By Sam Stovall Please see the note below regarding changes to Standard & Poor's STARS ranking system.

When the S&P Managed Care subindustry index popped up on the most recent industry momentum list, I was taken aback. But then I thought that maybe there could be an investment opportunity in a group that was recently hammered by investor fears that the insurance-industry probe spearheaded by New York Attorney General Eliot Spitzer may extend to some managed-care outfits that maintain life-insurance operations -- and that John Kerry might prevail in the Presidential election.

Not so fast. Phillip Seligman, S&P's Managed Care analyst, is still neutral on the group. Seligman believes the strong year-to-date gain for the group -- the industry subindex is up 32% through Nov. 12 -- has reflected in part investor expectations of healthy earnings-per-share gains through 2005. He views the share-price advance, most of which occurred in the first quarter, as a result of investor optimism regarding a stronger economy, improving execution by management, and possible further industry consolidation.

SMALLER HIKES. That's the good news. But Seligman thinks investors have become concerned that state probes of the insurance industry may eventually look at health insurers. He also thinks investors are wary of lower premium price increases that S&P sees resulting from competition and pushback by accounts that view managed-care organization (MCO) profits as excessive. S&P believes lower price increases are already affecting margins. And those are key factors behind S&P's neutral investment outlook.

Seligman sees the group as likely to deliver strong earnings growth in 2004 and 2005, fueled mainly by premium price hikes that are outpacing medical cost inflation, which is averaging in the high single digits for MCOs under our analytical coverage. S&P believes employers continue to take stronger positions against rising premiums, primarily by means of reducing expensive options and cutting rate hikes in favor of higher co-payments (a practice known as buydowns).

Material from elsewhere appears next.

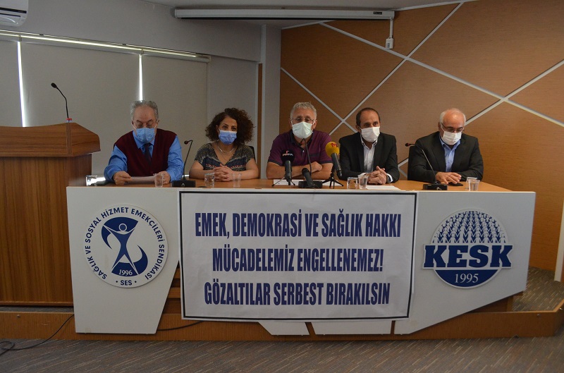 1,5 yıldır süren salgın boyunca sağlık emekçileri başta olmak üzere halkımızın sağlığı için yeterli tedbirleri almayan iktidar daha öncede çokça yaşadığımız gibi sağlık hakkı ve sağlık emekçilerinin haklı mücadelesinin öncülerine yöneliyor. Pandeminin başından itibaren sendikamız; sağlık ve sosyal hizmet emekçilerinin hakları, gerekse de halkın yaşam ve sağlık hakkı mücadelesinde sürekli sözünü kurmuş eylemini gerçekleştirmiştir. Hazmedilmeyen tamda bu mücadeledir. Bugüne kadar 417 sağlık emekçisi ve 46 bin 446 yurttaş Covid – 19 nedeniyle hayatını kaybetti. Ölümleri engellemeyenler, ölümler olmasın diye mücadele edenlere yöneliyor.

S&P expects most MCOs to experience flat to modestly higher medical cost ratios -- the measure of direct costs expended on health care as a percentage of total premium revenues -- in 2004 and 2005, as it believes that, to attract and retain accounts, MCOs have cut premium-rate hikes to more closely match recent, more moderate medical cost trends. Seligman notes that many MCOs also now provide consumer-directed, more flexible health plans that have been effective thus far in driving down medical costs.

SLOWING EARNINGS GROWTH. MCOs are also seeking to reduce selling, general, and administrative (SG&A) cost ratios, in S&P's view, via improving information-technology systems to further automate transaction processing, and by consolidating service operations. Amid rising competition, Seligman sees some or most of the savings being invested in growth initiatives.

Earnings of publicly traded MCOs should grow 15% to 20% on average in 2004, according to S&P's forecasts, and at a modestly slower pace in 2005. Seligman thinks well-run MCOs, with strong underwriting skills, good cost controls, an array of attractive products, and growing fee-based, rather than risk-based, membership, should be able to maintain this earnings growth level for the longer term.

Industry Momentum List Update

For regular readers of the Sector Watch column, here is this week's list of the industries in the S&P 1500 with Relative Strength Rankings of "5" (price performances in the past 12 months that were among the top 10% of the industries in the S&P 1500) and their proxies (the highest STARS-ranked companies in the subindustry index; tie goes to the largest market value) as of November 12, 2004:






Commodity Chemicals

Lyondell Chemical




Consumer Electronics

Harman International




Fertilizers & Agricultural Chemicals

Scott's Co.




Internet Retail





Internet Software & Services





Managed Health Care





Office Electronics





Oil & Gas Equipment & Services

BJ Services




Oil & Gas Exploration & Production





Oil & Gas Refining & Marketing & Transportation










Wireless Telecommunication Services

Nextel Partners




Note: Effective Novermber 12, 2004, Standard & Poor's has modified its Stock Appreciation Ranking System (STARS) nomenclature:

5 STARS now designates a stock ranked strong buy, instead of the previous buy;

4 STARS is now buy, instead of accumulate;

2 STARS is now sell, instead of avoid; and

1 STARS is now strong sell, instead of sell.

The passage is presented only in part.